# .40 caliber carry



## keaneba (Sep 25, 2011)

Hi, everyone. 
I have been researching CCW for a little while. Currently I have a Walther PPS in 9mm, but was looking for something with slightly more stopping power, and was thinking of getting a .40 caliber. In researching, I came across several firearms that sounded great, only to find out that I am unable to buy them where I live (Massachusetts), as they are not Mass compliant. Post-'98 Glocks are unfortunately unable to be sold here, and pre-'98 Glocks are in short supply. I like my Walther, but for my new gun was hoping for something different. Have considered Sig P229, but from what I've heard it can be difficult to carry IWB, and is heavy as well. Sig P238 is smaller, but almost as heavy. 

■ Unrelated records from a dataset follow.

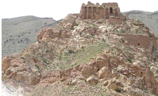
تصویر ۱: بنای ساسانی قیز قلعه (نیرومند، ۲۰۰۸)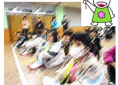
キラキラした目で、楽しそうにゲームやダンスに興じていました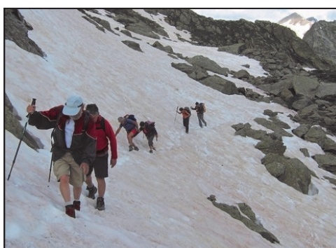
Rando dans le Valgaudemar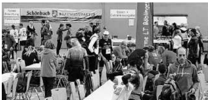
Vor dem Start herrscht reger Betrieb in der Halle

Der Dank der Laufgruppe gilt allen Helferinnen und Helfern an der Strecke und im Hallenumfeld (Familien, Freunden, Bekannten der Laufgruppe, dem Therme Lauftreff Böblingen und dem Lauftreff des VfL Herrenberg), des weiteren auch dem Bauhof, dem Hausmeister, den Besitzern der als Parkplatz genutzten Wiesen und der Gemeinde Hildrizhausen mit ihren Mitarbeitern. Ebenso der Dank an das DRK Holzgerlingen/Altdorf, das die Läufer unterwegs betreute, und die Funkgruppe der DLRG Böblingen, die die Funkinfrastruktur dafür bereitstellte.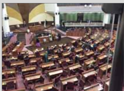
اعضای مجلس: سلب صلاحیت شده‌ها وزیر نیستند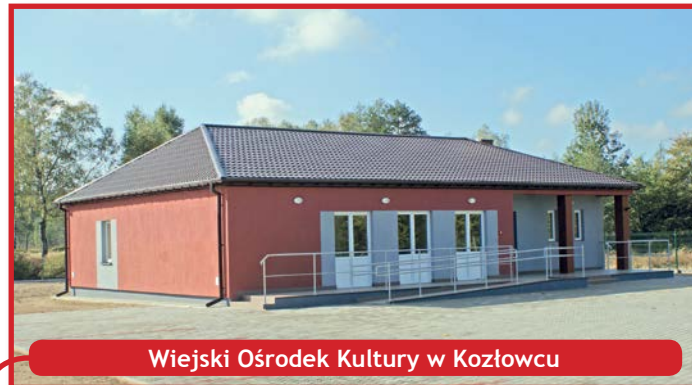
Wiejski Ośrodek Kultury w Kozłowcu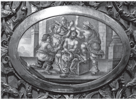
Ил. 5. А. Г. Мощанский. Увенчание терновым венцом. 1802 г. Дробница. Медная пластина, эмаль, живопись по эмали. 5,5×7,8 (овал)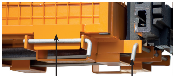
Einfahrtschutz an den nicht verwendeten Einfahrtaschen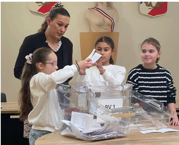
Les membres du Conseil Municipal des Jeunes (CMJ) procèdent au dépouillement.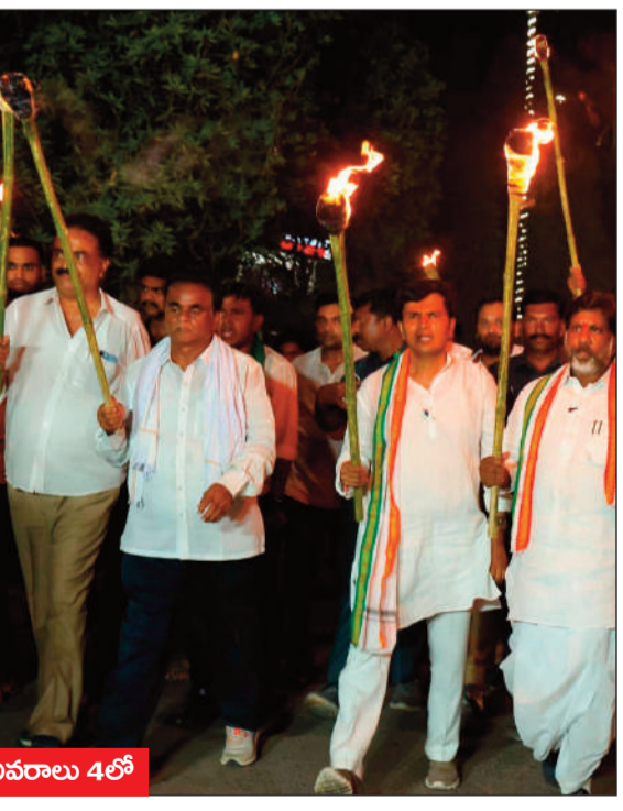
.. వివరాలు 4లో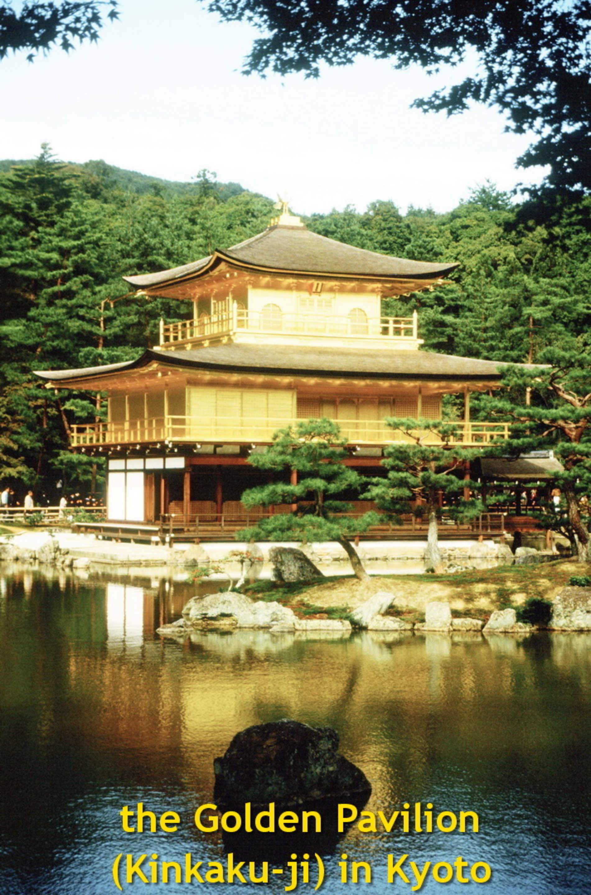
the Golden Pavilion (Kinkaku-ji) in Kyoto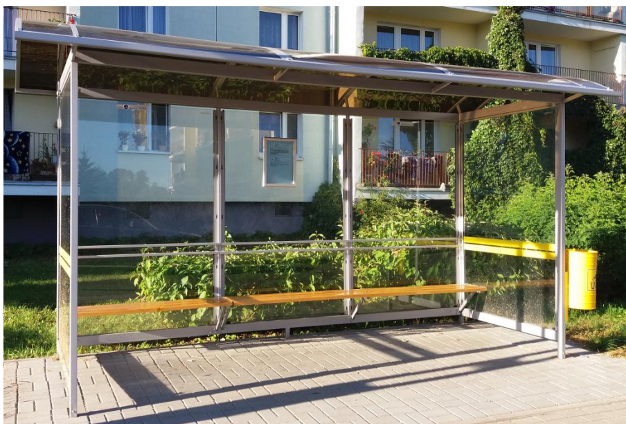
Przykładowa wiata przystankowa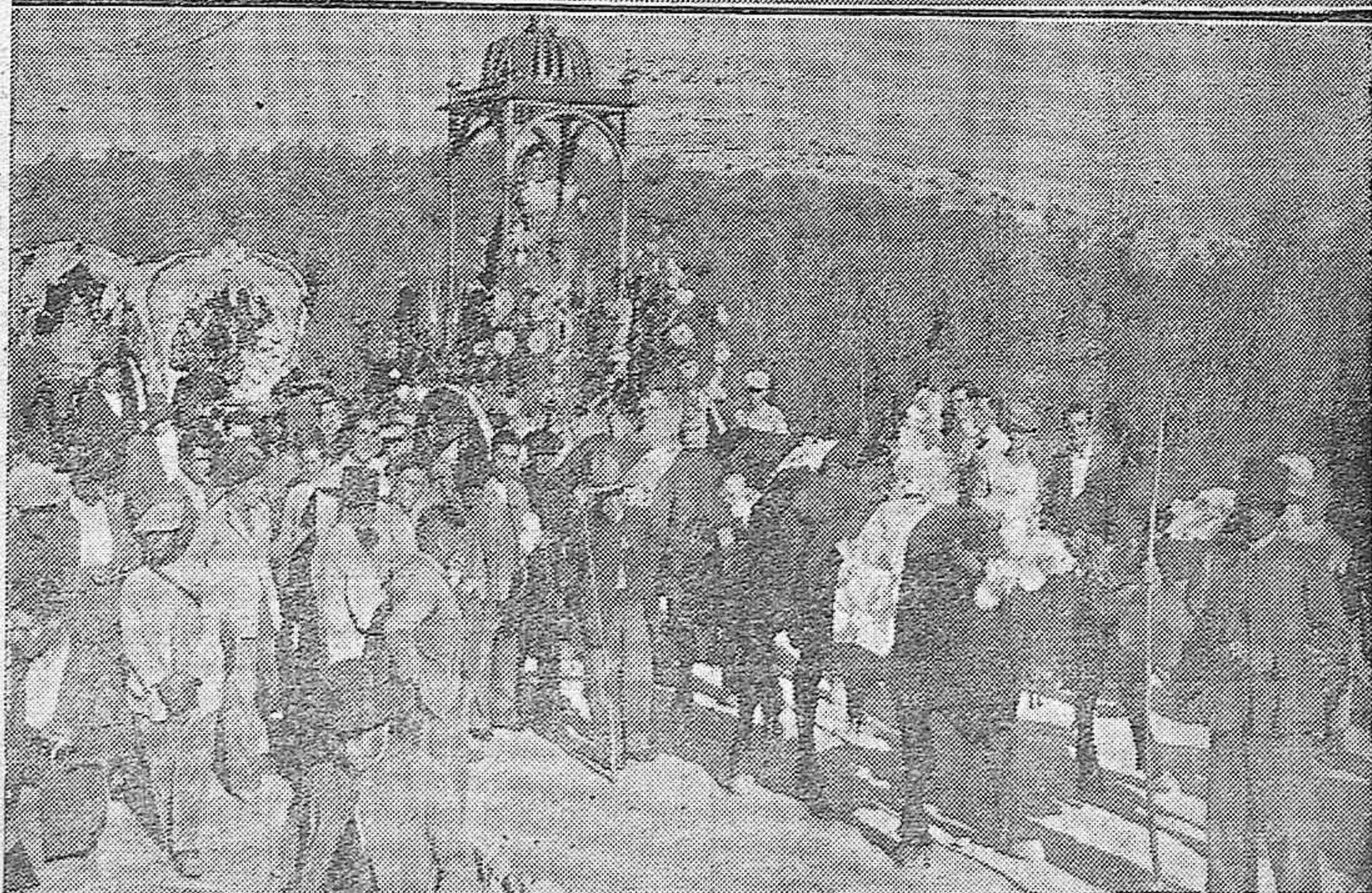
Arriba: Aeroplano militar que se estrelló contra el muro que circunda el Stadium Electromecánica, resultando con grandes desperfectos.—Abajo: Un detalle de la procesión y romería de la Virgen de Anaceli en Lucena.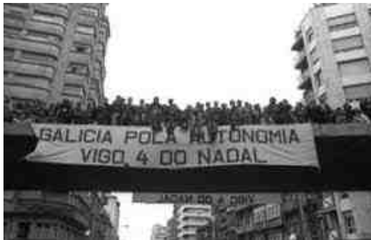
Xornada pola autonomía. Vigo, 1977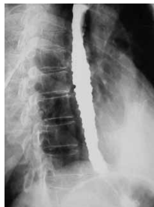
شکل ۴: یافته‌های ازوفاگوگرام زماندار آشنالازی

مشاهده نحوه پرستالسیس در تنه مری و شل شدن اسفنکتر تحتانی آن کمک‌کننده خواهد بود. ضمناً می‌توان از ازوفاگوگرافی زماندار، کمک گرفت. در این روش پس از بلع باریوم (۲۰۰-۱۰۰ cc) با اندازه‌گیری ستون باریوم به جامانده و قطر مری در زمانهای ۱، ۳ و ۵ دقیقه، مقدار باریوم باقیمانده را محاسبه می‌نمایند. این روش می‌تواند هم برای تشخیص و هم برای تعیین سیر بهبود بیماری انجام گیرد (شکل‌های ۳ و ۴). (۶)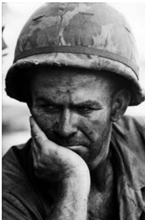
Bataille de Dak To, Vietnam, soldat américain, novembre-décembre 1967 Collection Succession Gilles Caron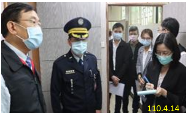
本署刑檢察長（左 1）\ 桃園監獄典獄長（左 2）

有鑑於法院及各檢察署共同使用監所同一視訊設備，為釐清院、檢是否有效分配使用視訊設備，經請矯正署提供 109 年法院及檢察署使用臺北監獄、桃園監獄、綠島監獄及臺北看守所遠距視訊設備件數資料研析，目前檢察署使用遠距視訊之比例明顯高於院方，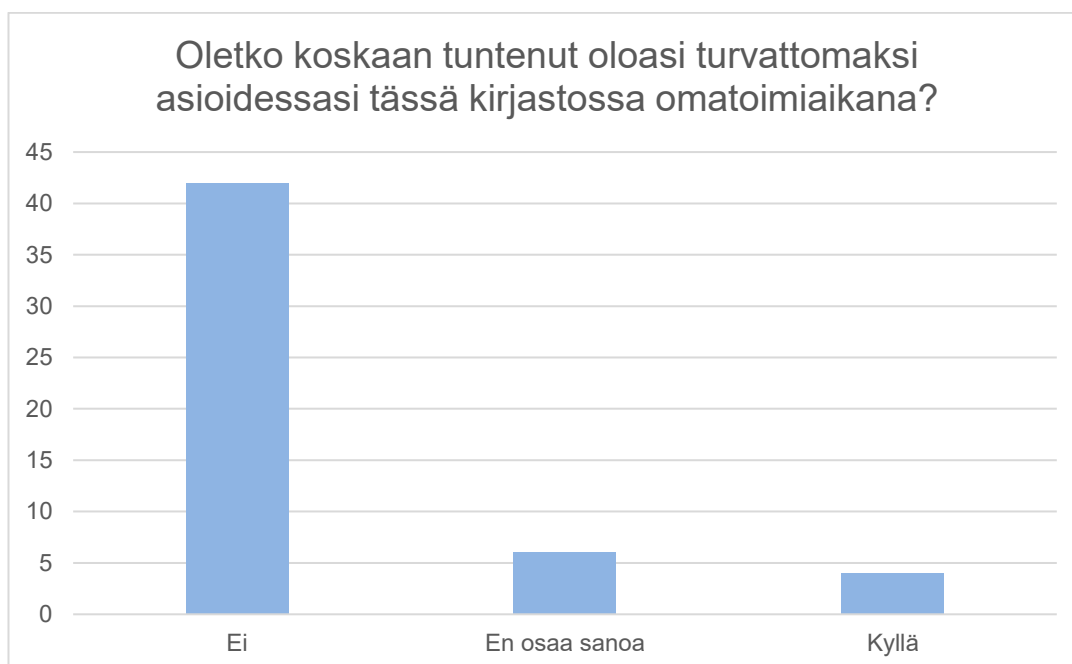
Kuvio 2: Turvattomuuden tunne

Kuten myös kuvio 2 näkee, suurin osa kyselyyn vastanneista ei ollut kokenut oloaan turvattomaksi kirjaston omatoimiaikana.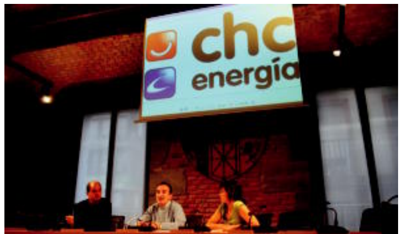
Atzo goizean eman zuten aldaketaren berri Tolargiko eta Tolosako Udaleko arduradunek. MARTA SAN SEBASTIAN

Aldaketa hau aurreikusiz, Tolargik erabaki du bere hornidura CHC Energia enpresak bereganatuko duela. Hori dela eta, uztailearen laurtean, ordura arte Tolargiko bezero izan direnek, aldatu nahi dutela ez badute jakinarazten, automatikoki, CHC Energia konpainiara igaroko dira. Tolargikoek, enpresa honen bitartez, «energia-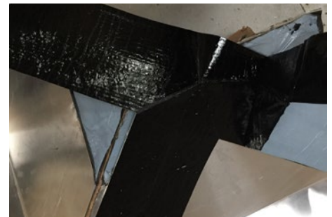
3. Når alt folien er fjernet er den klar til montage (evt. med Win2 eller en varmeblæser).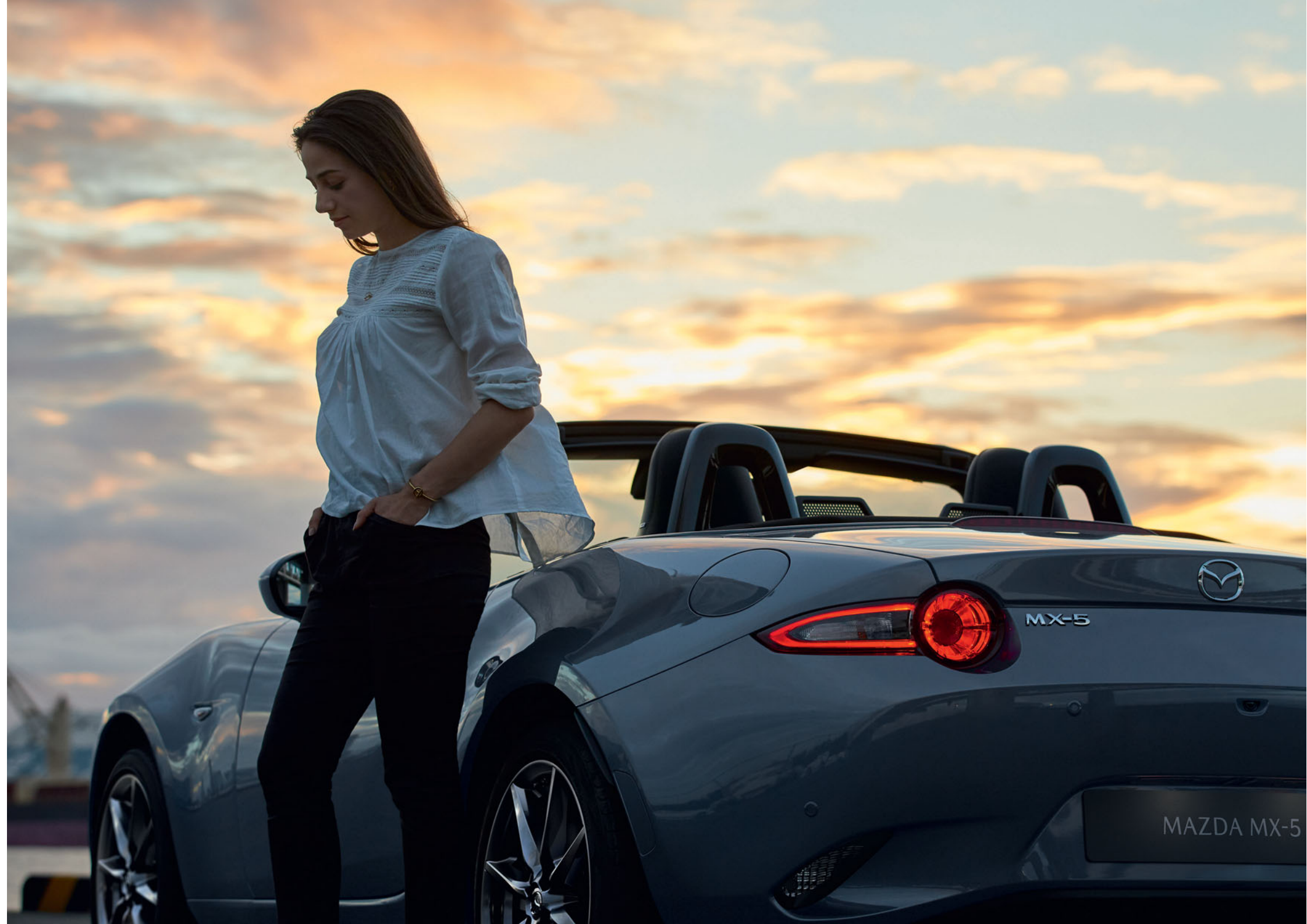
Mazda MX-5 Roadster in Polymetal Gray

Wir erkunden Städte und kurvige Landstrassen, geben Gas und bringen den Motor auf Touren. Mit geöffnetem Dach, auch an kalten Wintertagen. Unter den Sternen, dem Wind trotzend. Wir sind füreinander bestimmt. Jinba Ittai – wie Ross und Reiter verschmelzen Fahrzeug und Fahrer zu einer Einheit. Wir suchten schon immer eine Verbindung, die sich mit Worten kaum beschreiben lässt. Uns vereint pure Leidenschaft. Gemeinsam sind wir stärker und nie mehr allein.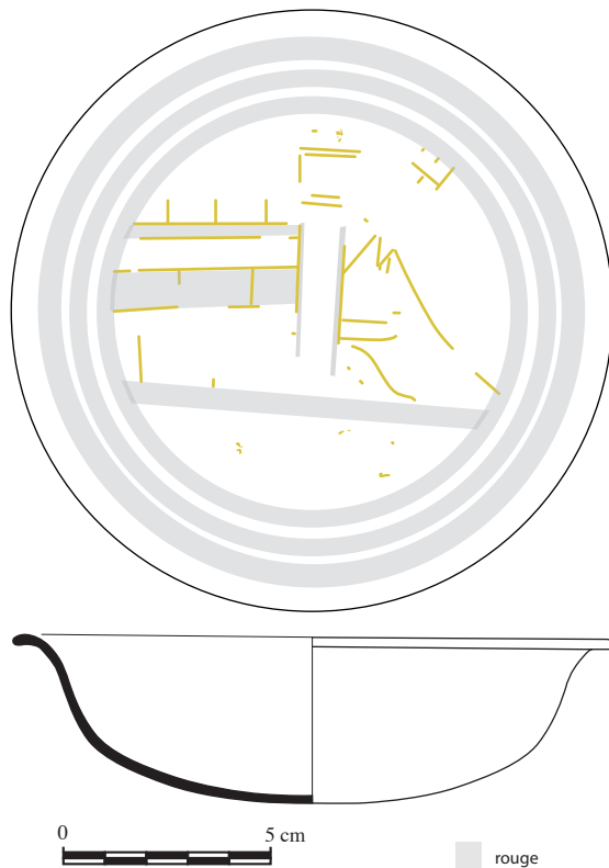
Fig. 5 Dessin de la pyxide conservée au Musée de Vienne (inv. ANSA Xla 3). (© Giuseppina Stelo, CJB, USR 3133 CNRS - EFR). Avec l'aimable autorisation du Kunsthistorisches Museum de Vienne.

Il s'agit d'un type de monument attesté dans la nécropole de Cumes. Les données stratigraphiques ainsi que la typologie et la technique de construction employée permettent de le dater des dernières décennies du II e siècle av. J.-C.

So, I was wondering if anyone had any suggestions on a great, reliable, accurate, CCW that is legal in Mass?? (I've considered moving, but wife says "no." lol) Thanks in advance!

-Barry


----------



## denner (Jun 3, 2011)

It's hard to make suggestions not knowing what your repressive state considers Massachusetts complient? Pre 98 Glocks vs. non-complient post 98 Glocks? That makes a tremendous amount of sense? Who makes the decision to consider what's complient vs. not complient? Legislature, police chief, governor, King, panel, board, dictator, mayor, firearm experts? Don't let your govenment fool you this non-complience garbage is an attempt to disarm law abiding citizens of their rights. They, who ever they are? are taking reasonable restrictions as far as possible. It places a burden on gun manufactures as well. I don't know whether or not you can even buy ammo over the internet and have it shipped to your door?


----------



## keaneba (Sep 25, 2011)

Well, here in the People's Republic of Massachusetts, all firearms to be sold to us wee citizens need to comply with Massachusetts Consumer Protection regulations as well as the 1998 Gun Control Laws. Since these regulations were put in place in 1998, pre-1998 handguns are exempt. As a result, a good number of firearms manufacturers, instead of going through the arduous process of going through the compliance procedures in MA, just don't sell here. For example, Glocks are not sold to citizens, and only LEO's can buy them here. Varying HK models are not MA compliant. Springfield Armory has stated, "WE HAVE NO INTENTION OF GOING THROUGH THE MASSACHUSETTS CERTIFICATION PROCESS BECAUSE THE LAWS AND REGULATIONS ARE NOT CLEAR." Kimber also does not sell in MA. It really does get very frustrating when looking for a firearm here. And why people keep re-electing these bozos is beyond me. It seems they feel we need to be protected from ourselves. Just hoping some upcoming Supreme Court case effects sweeping change here, but I'm not counting on it. When I voiced my frustration at a dealership, their response was, "hey, you don't have to like the laws, you just have to follow them." So now I'm trying to find a GOOD .40 caliber pistol that is good for conceal carry. Someone mentioned the M&P, but I am unfamiliar with it. Any suggestions?


----------



## crescentstar69 (Sep 24, 2011)

M&P is awesome, in my opinion. What ARE you allowed to buy? List some examples, and it might be easier to help you, not being familiar with Mass. 

Mark


----------



## Packard (Aug 24, 2010)

If you are happy with the PPS except for the caliber, then why not get a PPS in .40 caliber?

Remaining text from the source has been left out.